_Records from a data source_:
::::::

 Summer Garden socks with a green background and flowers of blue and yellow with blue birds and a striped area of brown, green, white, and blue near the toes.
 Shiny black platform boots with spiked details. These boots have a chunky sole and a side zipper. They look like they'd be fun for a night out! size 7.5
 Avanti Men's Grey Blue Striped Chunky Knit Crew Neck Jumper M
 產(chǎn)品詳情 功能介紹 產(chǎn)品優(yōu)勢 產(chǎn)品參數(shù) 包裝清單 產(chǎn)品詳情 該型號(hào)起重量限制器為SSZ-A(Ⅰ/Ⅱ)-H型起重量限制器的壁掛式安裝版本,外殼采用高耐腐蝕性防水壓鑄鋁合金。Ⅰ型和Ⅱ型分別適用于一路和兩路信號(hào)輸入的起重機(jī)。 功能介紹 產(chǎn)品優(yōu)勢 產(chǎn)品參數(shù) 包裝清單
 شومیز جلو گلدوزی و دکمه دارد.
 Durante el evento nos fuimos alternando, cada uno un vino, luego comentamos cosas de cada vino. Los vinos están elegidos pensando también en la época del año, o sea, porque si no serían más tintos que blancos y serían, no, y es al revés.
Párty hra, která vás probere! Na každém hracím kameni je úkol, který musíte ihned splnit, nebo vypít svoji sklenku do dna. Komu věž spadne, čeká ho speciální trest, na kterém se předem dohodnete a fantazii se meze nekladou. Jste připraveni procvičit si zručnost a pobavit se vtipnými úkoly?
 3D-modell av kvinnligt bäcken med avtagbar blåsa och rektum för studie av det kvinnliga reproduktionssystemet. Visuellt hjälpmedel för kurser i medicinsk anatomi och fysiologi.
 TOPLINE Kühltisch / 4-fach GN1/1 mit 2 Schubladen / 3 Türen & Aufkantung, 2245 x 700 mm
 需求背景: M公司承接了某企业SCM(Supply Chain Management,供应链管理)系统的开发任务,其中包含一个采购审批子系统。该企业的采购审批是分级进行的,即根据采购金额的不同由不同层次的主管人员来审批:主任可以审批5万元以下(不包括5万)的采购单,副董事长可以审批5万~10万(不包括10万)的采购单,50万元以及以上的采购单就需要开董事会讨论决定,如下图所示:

::::::

_Your instructions_:
Work out how many lines in the records contain the word "with", and give that number by itself.

_Task result_:
2